The Quantified City: Sensing Dynamics in Urban Setting is a paper tries to shed light on the complex dynamics taking place within cities, which are characterized by a rapid urbanization process during the last decade. One of the main characteristics of these underlying dynamics, is the fact that they involve a large number of actors, such as humans, services, and infrastructures, which are observed in different spaces.
The authors develop and examine the Quantified City system, which strives to address issues related to data integration and fusion, in order to promote and enable an effective and semantically relevant data grouping. Its structure is based on three major components: (1) data acquisition, (2) data analysis, and (3) data visualization.
The system consists of three layer for data acquisition, data analysis, and data visualization; each of which embeds a variety of modules to better achieve its purpose (e.g., data crawling, data cleaning, topic modeling, sentiment analysis, named entity recognition, event detection, time series analysis, etc.)

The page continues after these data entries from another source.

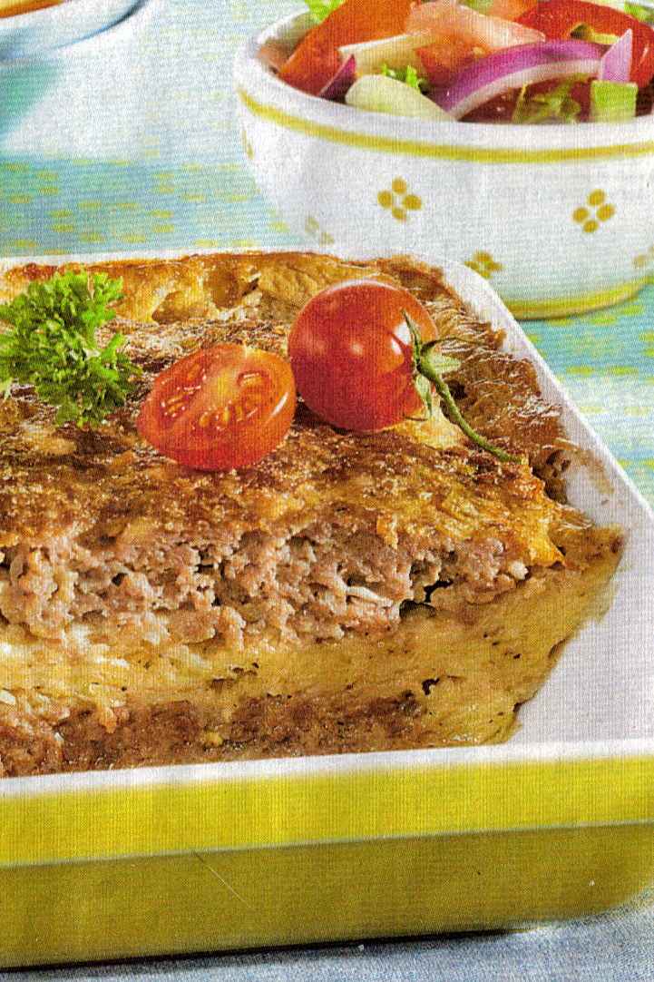 Pekáček nebo zapékací misku (formu) vymažeme tukem (sádlo) a vložíme polovinu masové hmoty. Na ni rozprostřeme bramborákovou směs a tu pak překryjeme druhou polovinou masové směsi. Pečeme ve vyhřáté troubě dozlatova.
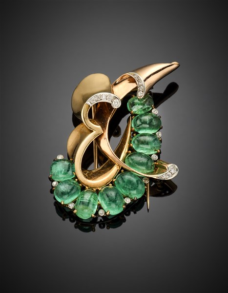 Emerald bead and diamond yellow gold “Reflection” brooch, white gold detail g 20.47 circa, length cm 5.60 circa. Signed Trabert & Hoeffer Mauboussin and with the inscription "designed and executed for Mrs Elinor Cochran".
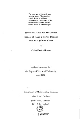 Let SUc(2,Ʌ) be the moduli space of rank 2 vector bundles with determinant Ʌ on an algebraic curve C. This thesis investigates the properties of a rational map PU(_d,A) →(^c,d) SUc(2, A) where PU(_d,A) is a projective bundle of extensions over the Jacobian J(^d)(C). In doing so the degree of the moduli space SUc(2, Oc) is calculated for non- hyperelliptic curves of genus four (3.4.2). Information about trisecants to the Kummer variety K C SUc(2,Oc) is obtained in sections 4.3 and 4.4. These sections describe the varieties swept out by these trisecants in the fibres of PU1,o(_c) → J(^1)(C) for curves of genus 3, 4 and 5. The fibres of over ϵ(_d) over E ϵ SUc{2,A) are then studied. For certain values of d these correspond to the family of maximal line subbundles of E. These are either zero or one dimensional and a complete description of when these families are smooth is given (5.4.9), (5.4.10). In the one dimensional case its genus is also calculated (if connected) (5.5.5). Finally a correspondence on the curve fibres is shown to exist (5.6.2) and its degree is calculated (5.6.5). This in turn gives some information about multisecants to projective curves (5.7.4), (5.7.7). [brace not closed]
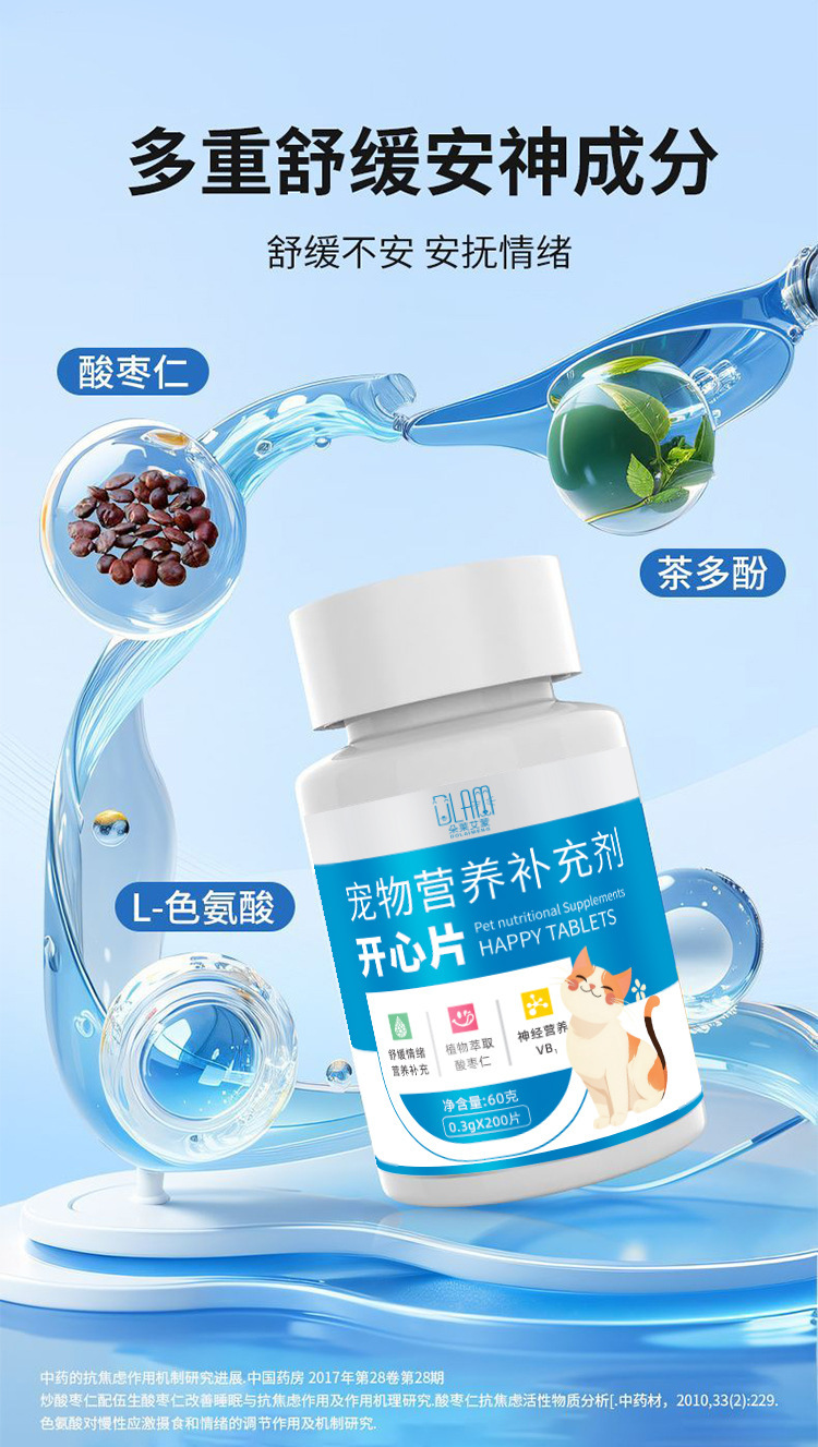 Таблетки Doraymond Happy для домашних кошек, успокаивают тревожность, регулируют эмоции и подавляют течку у крупных собак
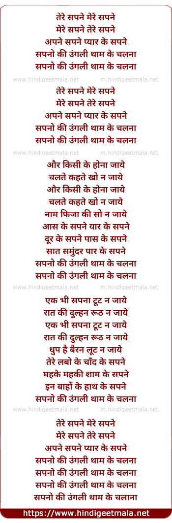 Lyrics of Tere Sapne Mere Sapne
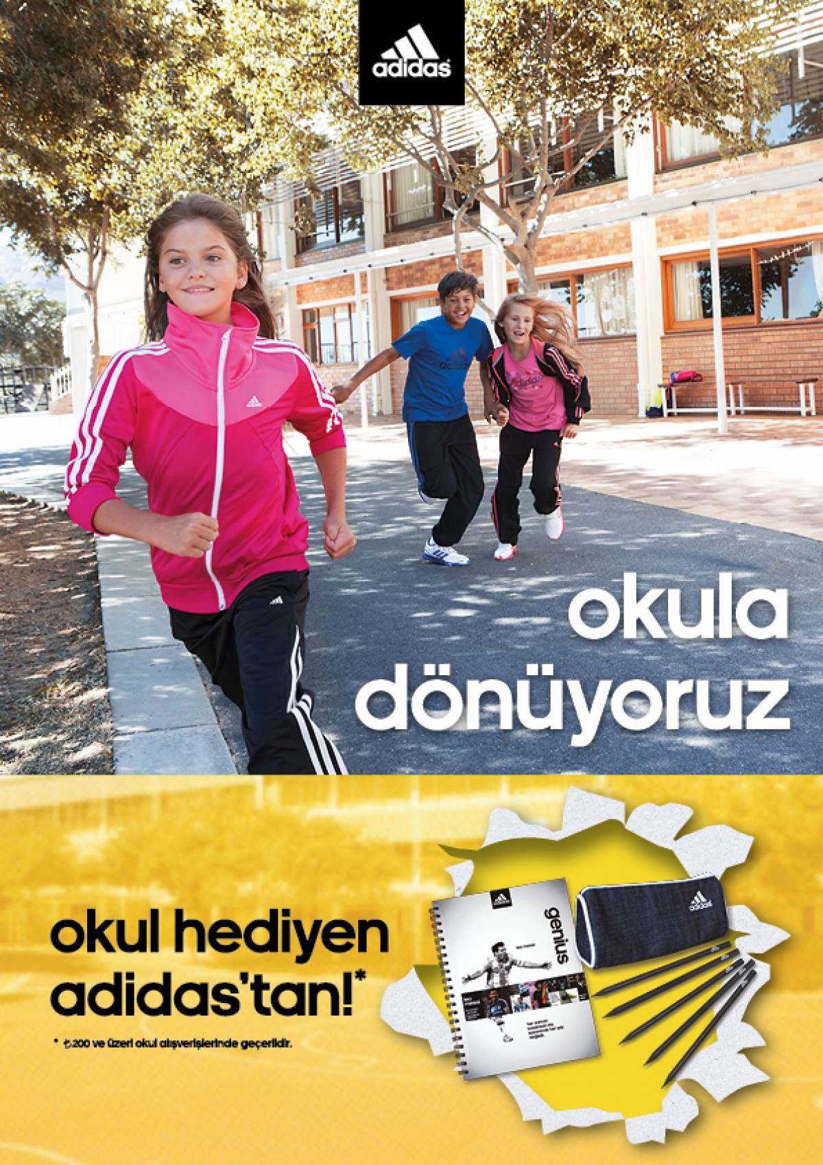 adidas, aynı zamanda gençleri sevindirecek bir okula dönüş kampanyası düzenliyor. adidas mağazalarından yapılan 200 TL ve üzeri alışverişler,öğrencilere defter, kalem kutusu ve kurşun kalemlerden oluşan bir okul seti kazandırıyor.
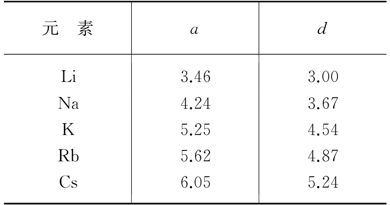表1.1 碱金属的体心立方a、d值 (单位为Å)
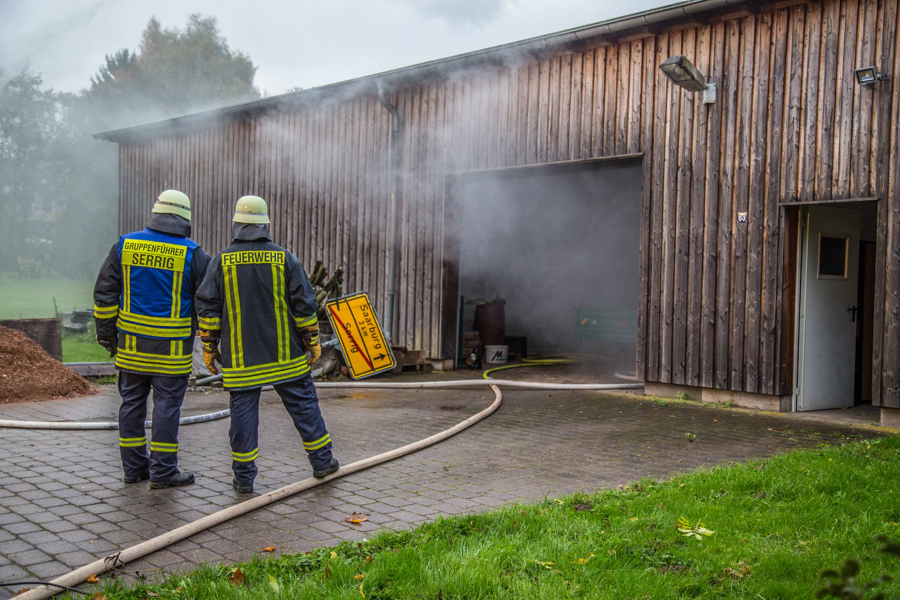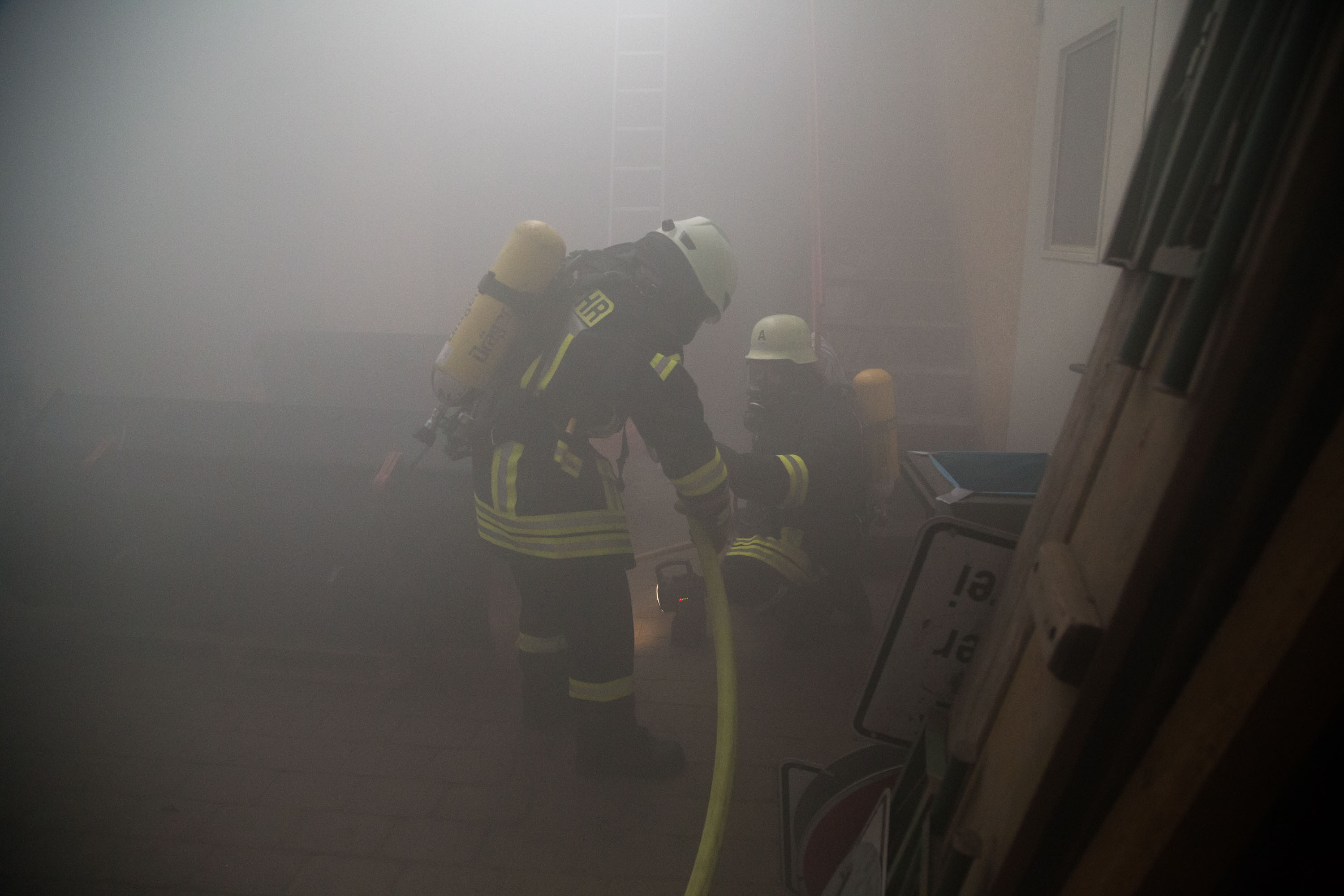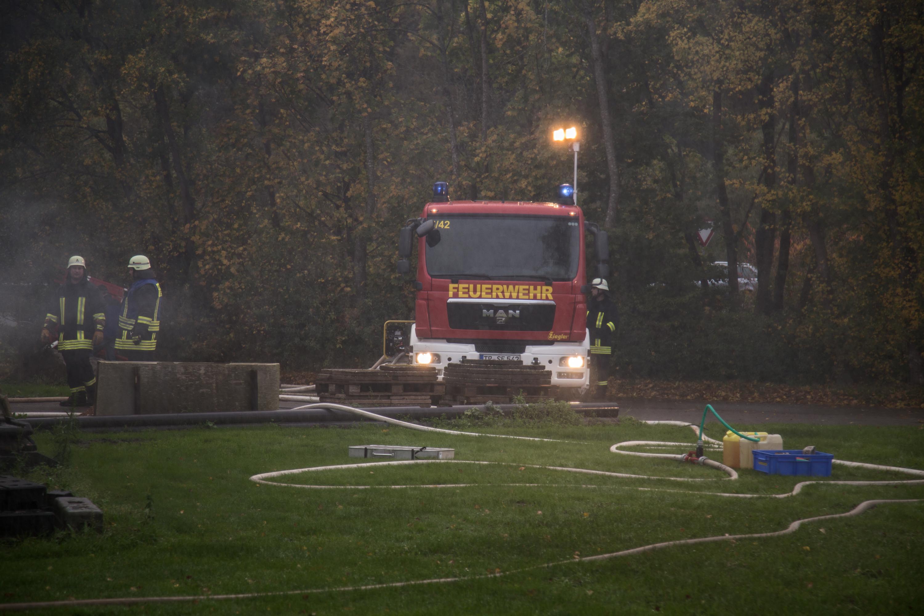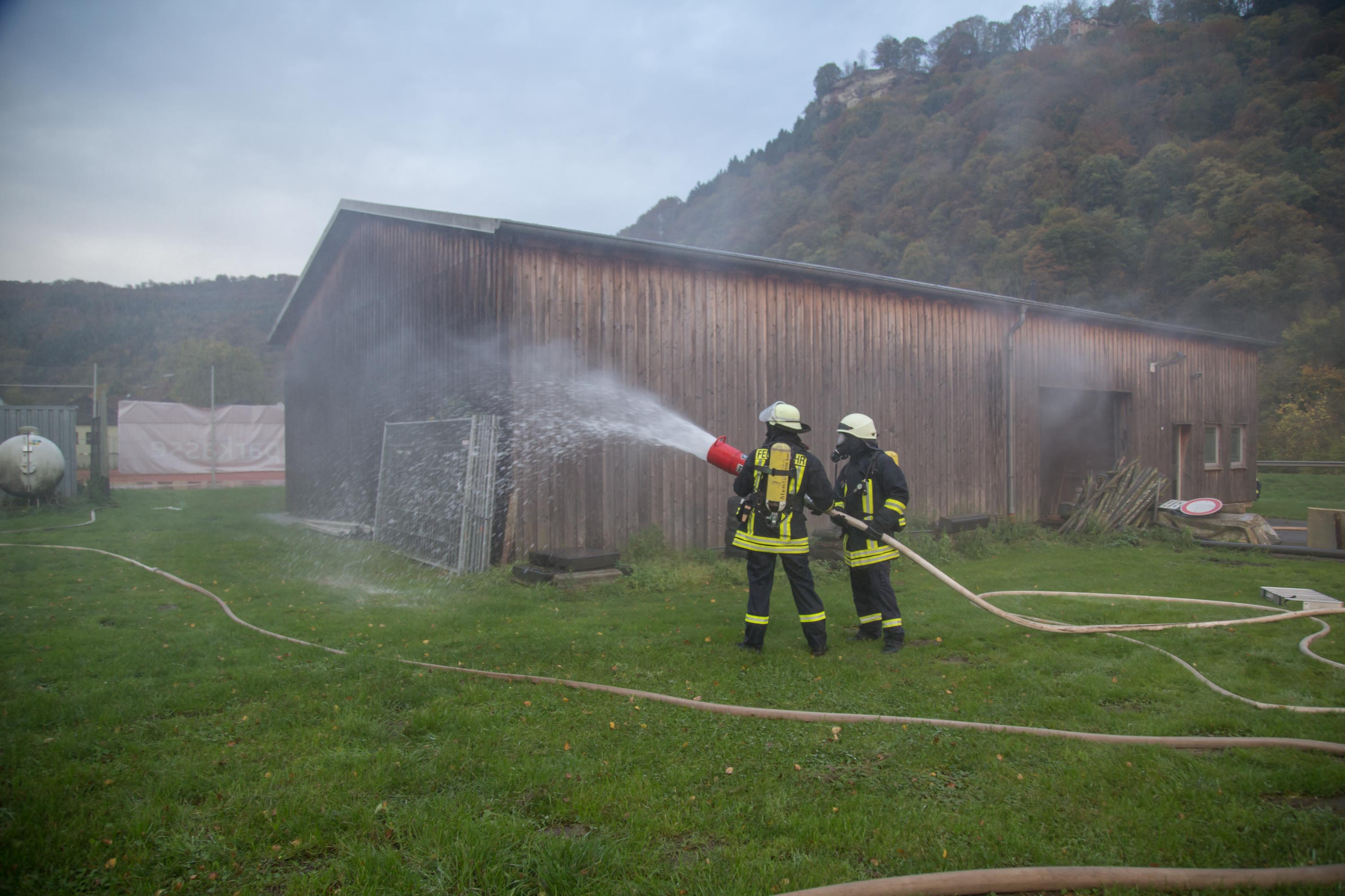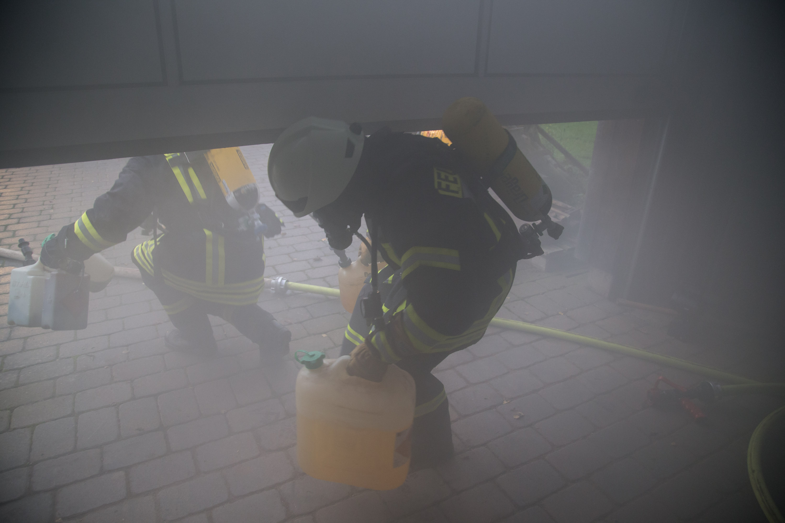 Das Szenario war eine Rauchentwicklung aus einer Lagerhalle der Gemeinde, es war unklar ob Personen in Gefahr sind.
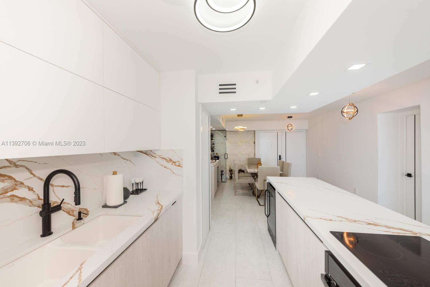 Remodeled with the utmost attention to detail, this impeccable direct ocean front unit comes with two balconies, a custom wine cellar. Kitchen counter tops in Calcutta gold. Porcelain by Porcelanosa in the bathrooms. Custom made walk in closets. Available for sale fully furnished with furnishings by Modern Miami. Too many extras to mention. Turn key. Buyer who wishes to add furnishings need only bring their personal effects. Building finishing repairs of common areas. All assessments paid in full.
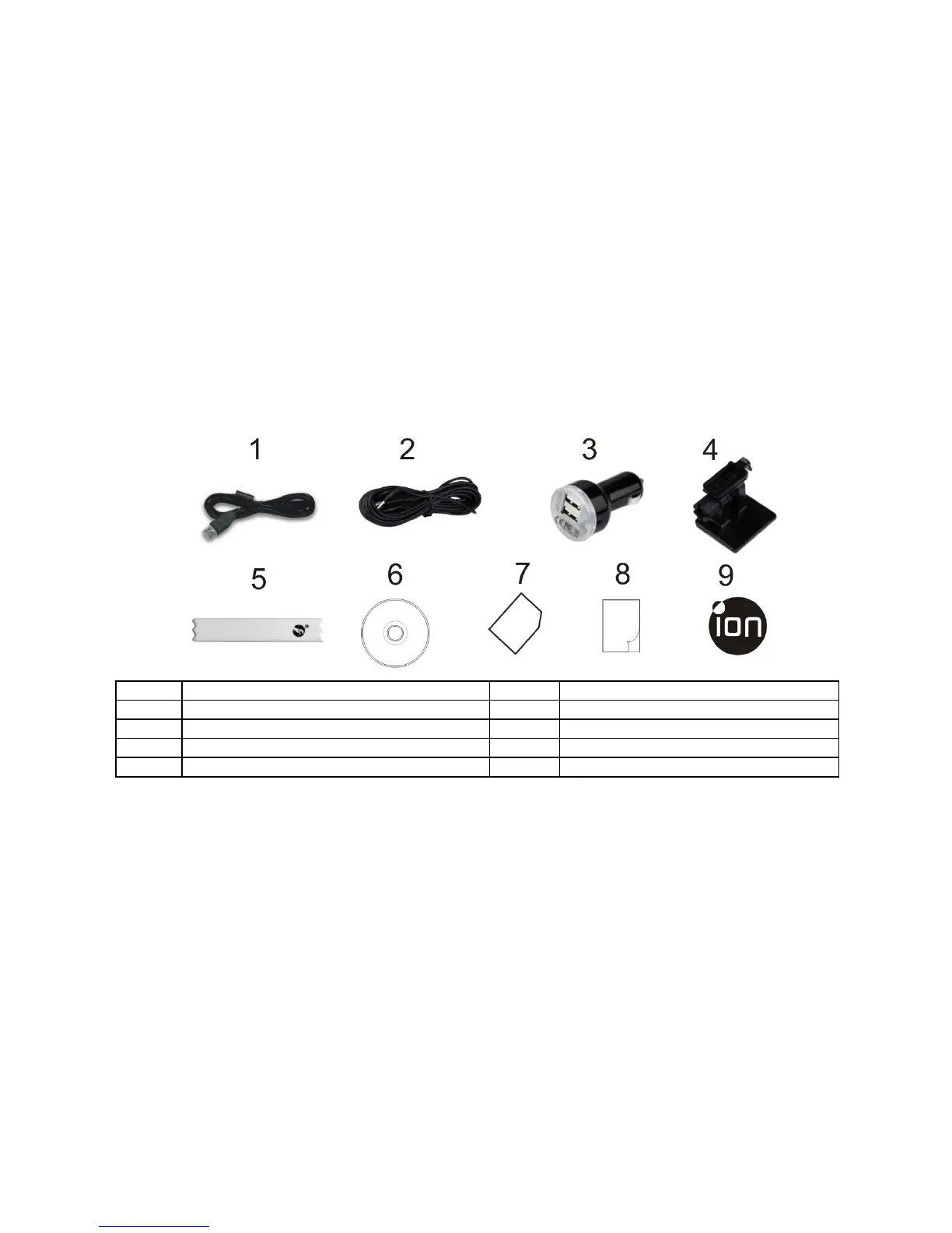 ION DashCam - Contenido del Embalaje; Piezas Funcionales

Location, time and event constitute the three pillar dimensions that play a central role in the overall system development. The underlying dynamics are investigated based on these dimensions, using a set of map-centric widgets.
Figure 1: Overview of data extraction and data fusion Approach
One of the most important findings of this paper is the fact that it identifies the need for developing and promoting that kind of comprehensive, holistic-type platforms, such as Quantified City, for elaborating multiple sets of data coming from different data sources. This could be an effective approach to better understand the ways in which cities work and operate.
Reference: Zanouda, T., Emadi, N. A., Abbar, S., & Srivastava, J. (2017). The Quantified City: Sensing Dynamics in Urban Setting. arXiv preprint arXiv:1701.04253.